▸ Aim of the exercise
Among the lines below, the one containing "Tabla del producto (Medidas de la prenda)" opens the range and the one containing "圖 2 魚(yú)龍嶺接地極與管道相對距離示意" closes it. Print that range exactly, without the pictures.

▸ Study material
....................

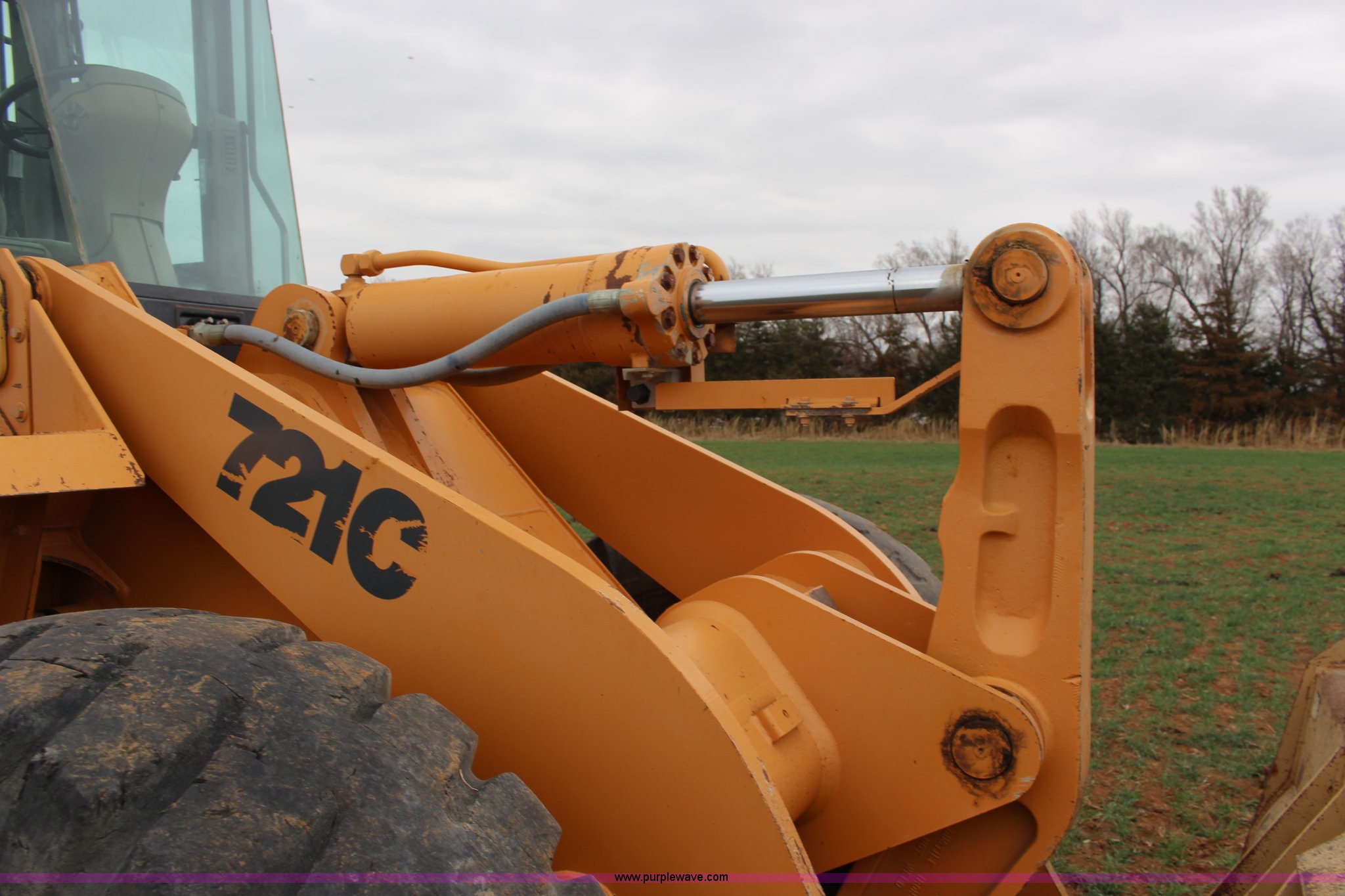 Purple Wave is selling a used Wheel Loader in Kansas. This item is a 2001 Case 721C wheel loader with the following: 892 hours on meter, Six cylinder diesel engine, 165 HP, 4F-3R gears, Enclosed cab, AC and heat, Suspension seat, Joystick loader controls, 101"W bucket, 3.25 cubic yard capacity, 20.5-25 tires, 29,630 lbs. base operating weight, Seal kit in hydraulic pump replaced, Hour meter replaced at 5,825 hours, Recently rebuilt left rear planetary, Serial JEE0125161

....................

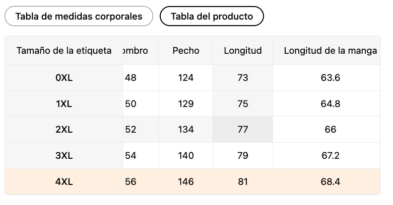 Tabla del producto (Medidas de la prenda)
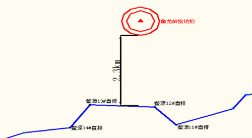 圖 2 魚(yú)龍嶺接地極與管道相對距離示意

....................

▸ Written solution
 Tabla del producto (Medidas de la prenda)
 圖 2 魚(yú)龍嶺接地極與管道相對距離示意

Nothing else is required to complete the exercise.